(Beginning of Listed entries)

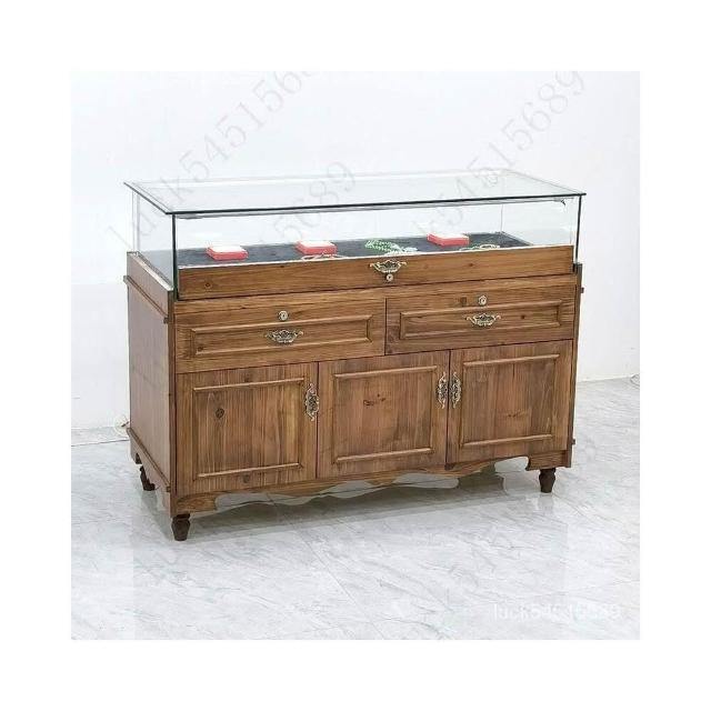 珠寶展示櫃實木透明玻璃櫃臺玉器翡翠文玩店定製陳列櫃展櫃子帶燈 美居生活屋
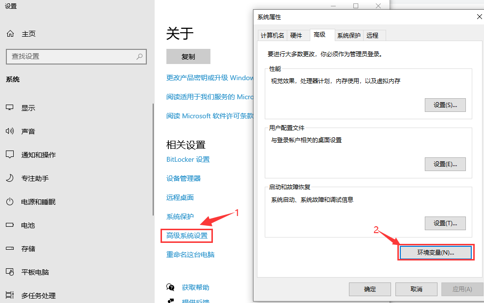1、此电脑 --》属性 --》高级系统设置 --》环境变量
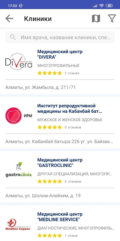 - Search for a doctor, clinic and medical service in the selected region (select from available regions). The database of available clinics and doctors in the application is constantly updated
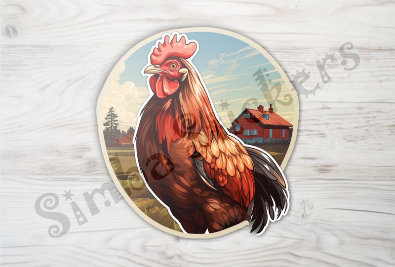 Brown-red chicken, free-range, with farmhouse in background
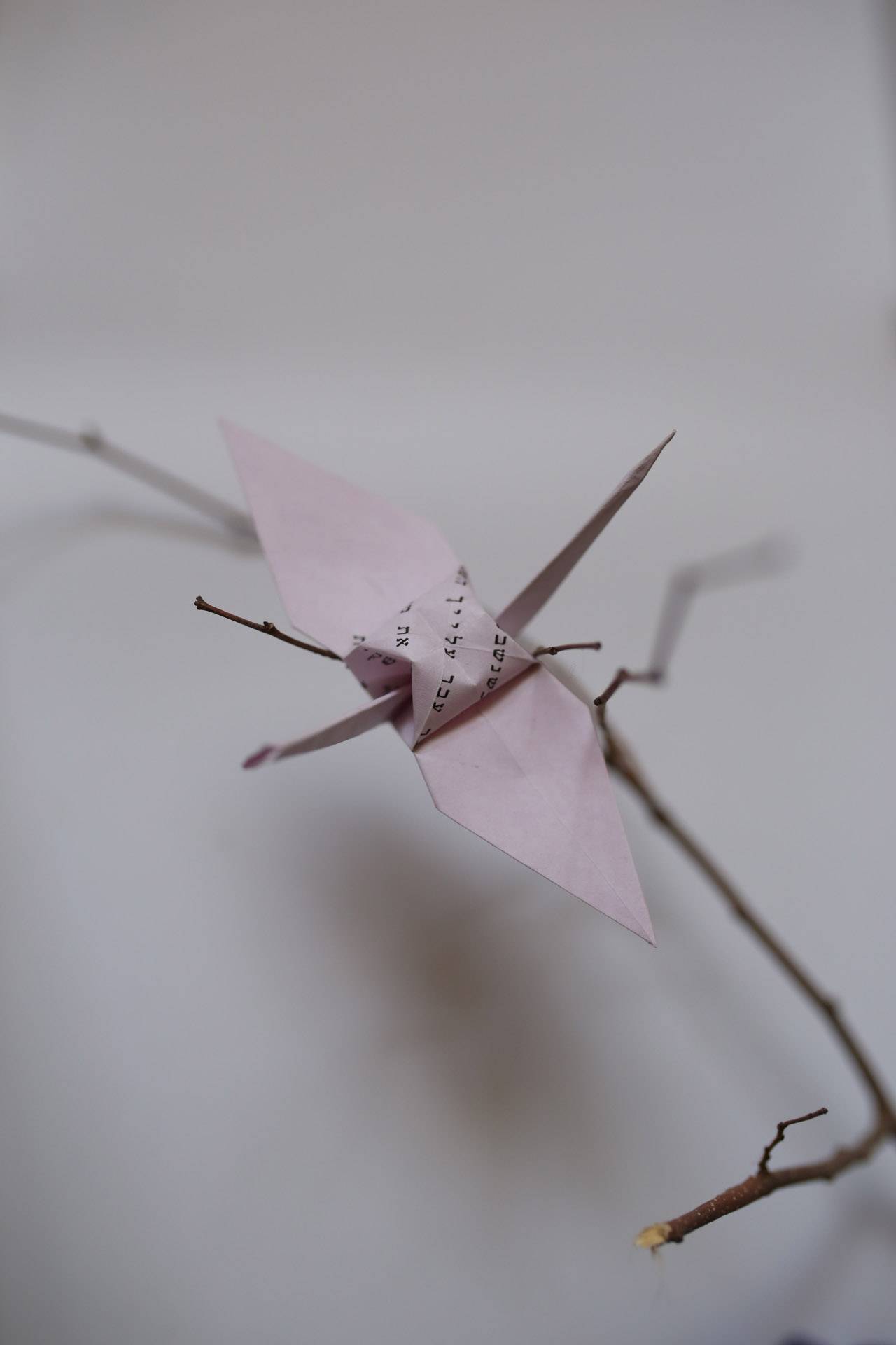 נכון מאוד. תערוכה שנפתחה ביום ראשון בשעה טובה. מרגש להציג מיצב שאני עובדת עליו כבר לא מעט זמן, שמחבר בין הכתיבה והקיפול. המיצב מורכב מכ־200 דפי שירה שאני כתבתי בשנים האחרונות (רובם שירים קצרים) המקופלים לעגורים ותלויים על ענפי עץ כדימוי לציפור שיר, וכחיבור לעגור ולמה שהוא מסמל. בכל שיר שנכתב אני רואה משאלה/בקשה של הלב, וכך גם במסורת היפנית: מי שמקפלת 1,000 עגורים המשאלה שלה תתגשם, אז אני עוד בדרך אפשר להגיד
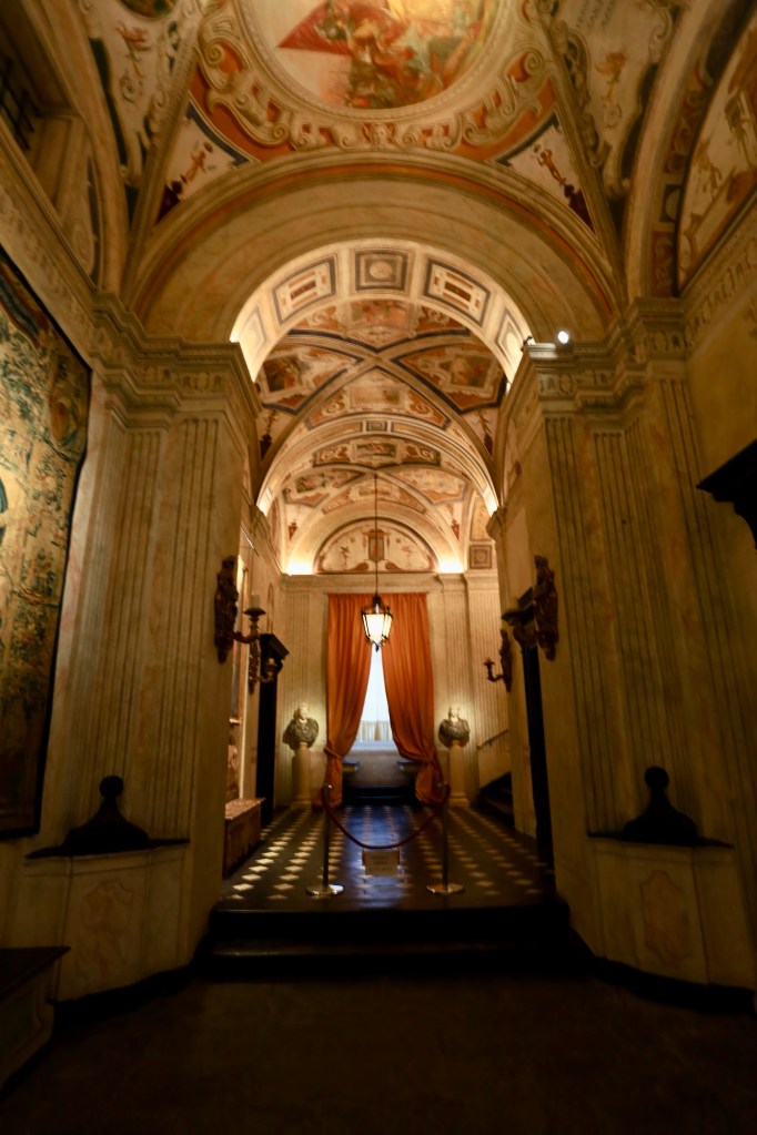 One thing we did find necessary to do is to look in every open door. Hidden behind the facade could be a gem. We happened upon beautiful foyers with decorative walls and ceilings.

(End of Listed entries)

Each entry should be set down exactly, pictures excluded.

* Response
 珠寶展示櫃實木透明玻璃櫃臺玉器翡翠文玩店定製陳列櫃展櫃子帶燈 美居生活屋
1、此电脑 --》属性 --》高级系统设置 --》环境变量
 - Search for a doctor, clinic and medical service in the selected region (select from available regions). The database of available clinics and doctors in the application is constantly updated
 Brown-red chicken, free-range, with farmhouse in background
 נכון מאוד. תערוכה שנפתחה ביום ראשון בשעה טובה. מרגש להציג מיצב שאני עובדת עליו כבר לא מעט זמן, שמחבר בין הכתיבה והקיפול. המיצב מורכב מכ־200 דפי שירה שאני כתבתי בשנים האחרונות (רובם שירים קצרים) המקופלים לעגורים ותלויים על ענפי עץ כדימוי לציפור שיר, וכחיבור לעגור ולמה שהוא מסמל. בכל שיר שנכתב אני רואה משאלה/בקשה של הלב, וכך גם במסורת היפנית: מי שמקפלת 1,000 עגורים המשאלה שלה תתגשם, אז אני עוד בדרך אפשר להגיד
 One thing we did find necessary to do is to look in every open door. Hidden behind the facade could be a gem. We happened upon beautiful foyers with decorative walls and ceilings.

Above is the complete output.